NASA's IceBridge Mission Makes First Antarctic Flight
After five days of weather delays, the NASA's IceBridge mission flew its first flight over the Antarctic polar caps yesterday.
The 12-hour flight was a great success, according to a report from Michael Studinger, one of the scientists on board the plane.
IceBridge is a six-year campaign to survey and monitor areas of Earth's polar ice sheets, glaciers and sea ice and how they are responding to climate change. The goal of this first flight of the winter Antarctic mission was to sample the conditions of sea ice in the Weddell Sea off the Antarctic Peninsula.
IceBridge's DC-8 plane, packed with scientists and equipments, traveled along a pair of lines from last year's mission that extend across the sea ice from the tip of the Antarctic Peninsula to south of Cape Norvegia, and back again. The flight path crossed the tip of the peninsula, proceeded to the eastern Weddell Coast, moved down the coast about 200 nautical miles (370 kilometers), and then transited back, where the sea ice is 1,500 feet (457 meters) thick.

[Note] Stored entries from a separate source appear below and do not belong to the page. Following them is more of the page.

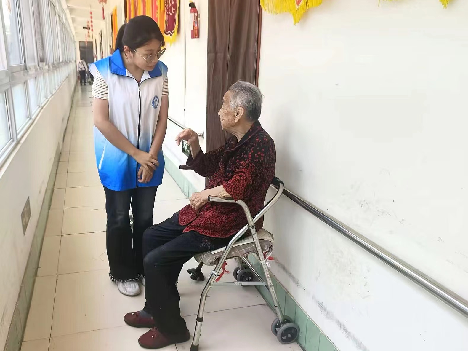 志愿者们分成若干个小组,积极帮助工作人员完成清扫的工作,为老人们营造一个干净整洁的生活环境,用实际行动表达对老人们的关爱。接着,志愿者与老人们进行面对面交流,了解他们的身体情况和饮食起居,耐心倾听他们讲述过去的故事,感受岁月的痕迹,帮助他们解决生活中的一些实际问题。活动过程中,志愿者们协助颐养中心工作人员,向老人们介绍了一些方便实用的生活小窍门和健康知识,提醒老人按时测量血压,定期体检,同时叮嘱他们要放松心情。通过与老人们的互动,志愿者们表示愿意继续为老年群体带去温暖和关怀发扬奉献精神。志愿者们的到来,让养老院变得热闹非凡,充满了欢声笑语。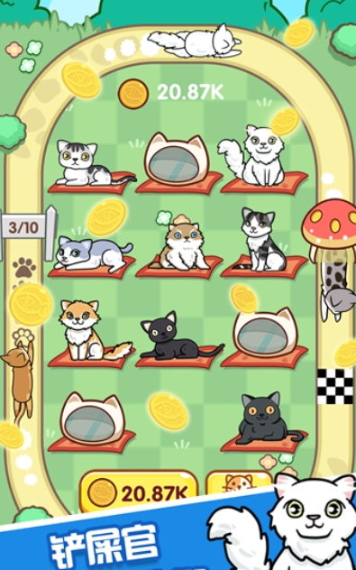 玩家将带领各种花色的小猫在充满挑战的跑酷场景中冒险,体验紧张刺激的节奏感。每只小猫都拥有独特的动态表现,奔跑时的动作流畅而生动,细节刻画细腻,令人爱不释手。游戏还引入了深度的养成系统。玩家可以通过合成机制,培育出稀有品种的猫咪,并为其建造专属的小屋。小屋的布置与升级不仅提升了猫咪的生活品质,也为玩家提供了丰富的自定义空间,营造出温馨治愈的游戏氛围。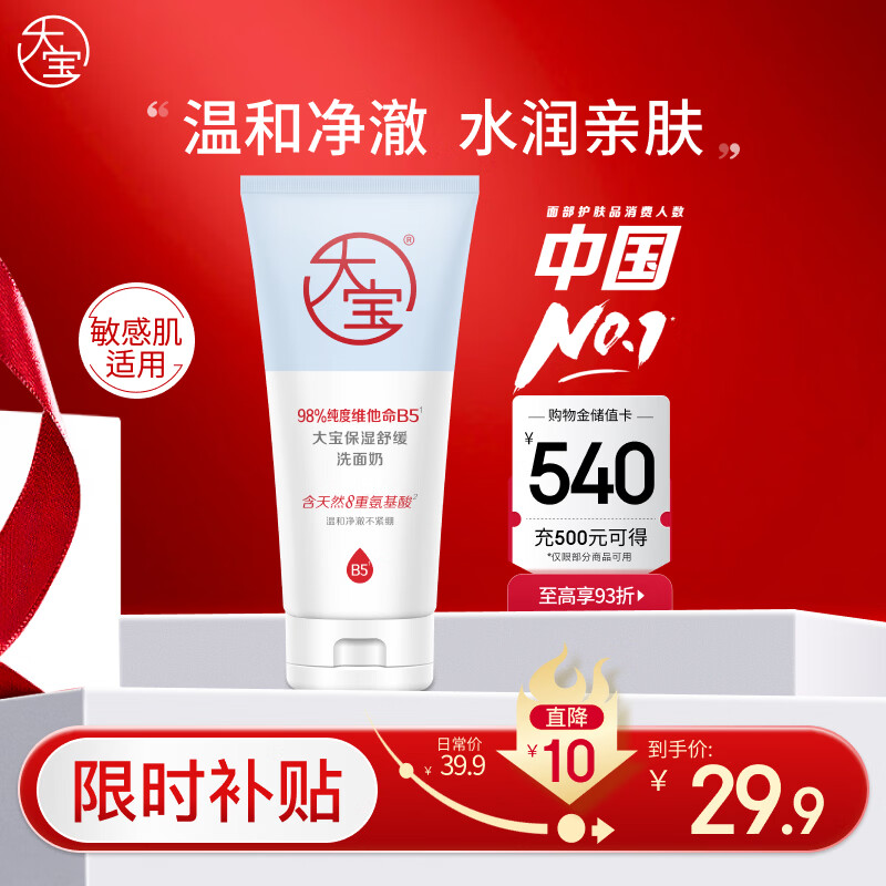 大宝保湿舒缓洗面奶140g氨基酸洁面男女士不紧绷面部护肤品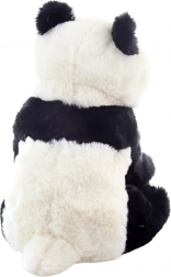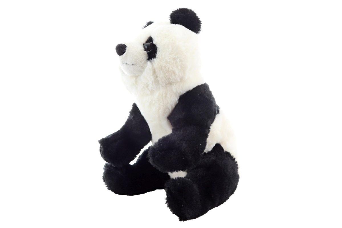 Plastične oči, okrugle uške i precizni šavovi upotpunjuju realističan izgled pande u sjedećem položaju.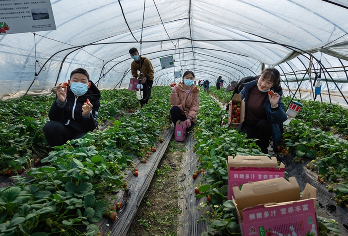 随着气温、地温回升,水家湖农场公司果农们迎来了草莓盛果期,也迎来了草莓采摘、销售的旺季,今年该农场公司草莓种植面积2668亩,以红颜、粉玉、隋珠和淡雪等4个品种为主,初步预测亩均单产3500斤。(王亚莉 供稿)

One of the ways in which the plane measures the sea ice below is by Lidar (Light Detection And Ranging), an optical remote-sensing technology that measures properties of scattered light to find range and/or other information of a distant target.
"Lidars were successfully used to record the surface elevation of the sea ice floes, which are largely overlain by snow at this time of year. Wide-band radars were successfully used to estimate the thickness of the snow cover," Kenneth Jezek, the mission's science definition team co-leader from Ohio State University, told OurAmazingPlanet. "Knowledge about the snow thickness and also the surface elevation of the combined sea ice/snow cover column ultimately can be used to estimate the sea ice thickness."

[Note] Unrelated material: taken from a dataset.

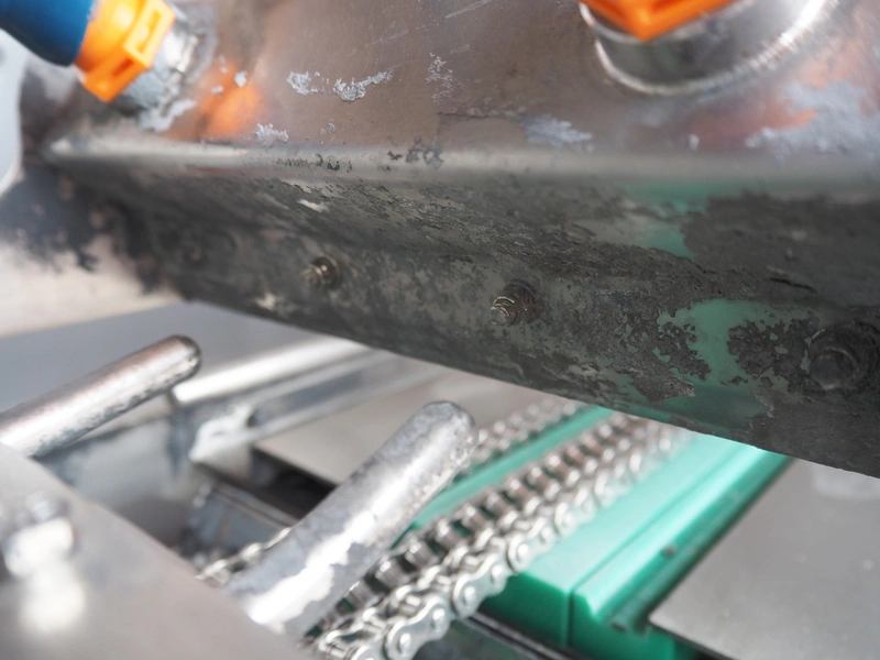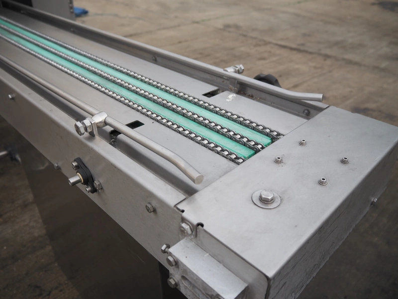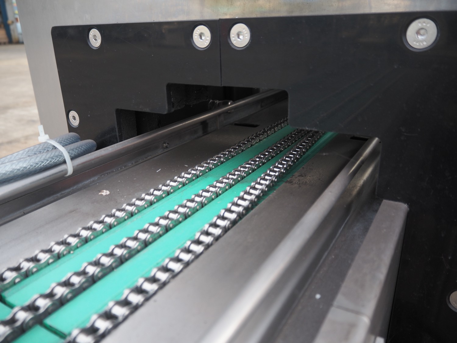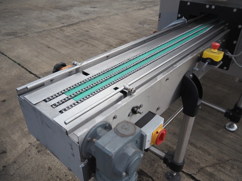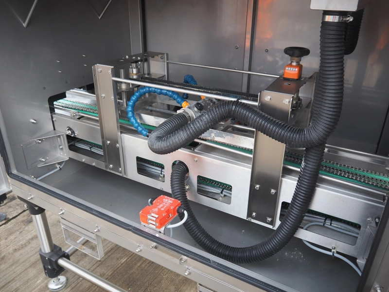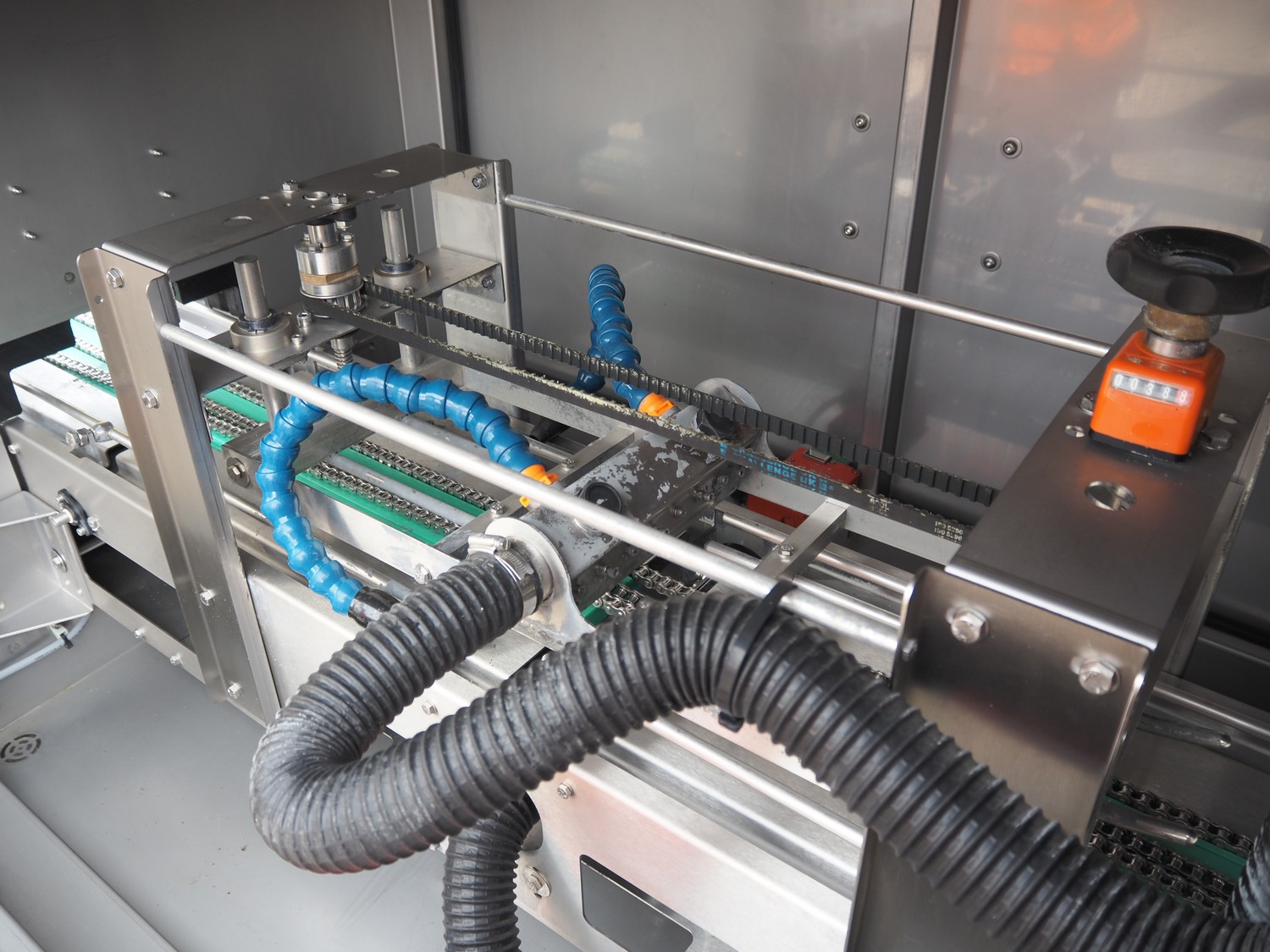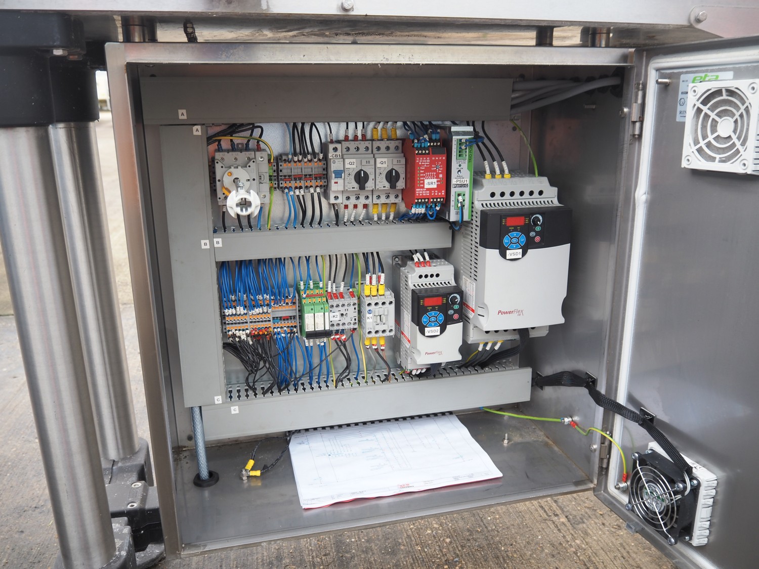 Air Control Industries drying tunnel, type: LNL-BESP025, serial number: S-00106348, year of construction: 2015, 380/420 V, 50/60 Hz, 5.5 kW, s/s chain belt, belt width: 160 mm, clearance: 300 mm x 100 mm, blower width: 250 mm, total dimensions: 4550 mm x 1050 mm x 2150 mm.

Researchers who are part of the project but not on board the flights are also able to watch the progress of the flight in real time. Beyond the reports of the first mission's instruments working, there hasn't been much available to the researchers on the ground, but possibly in future missions sample data can accompany the feed.
"Right now, the flight and instrument crews have their hands full and are doing a great job!" Jezek said.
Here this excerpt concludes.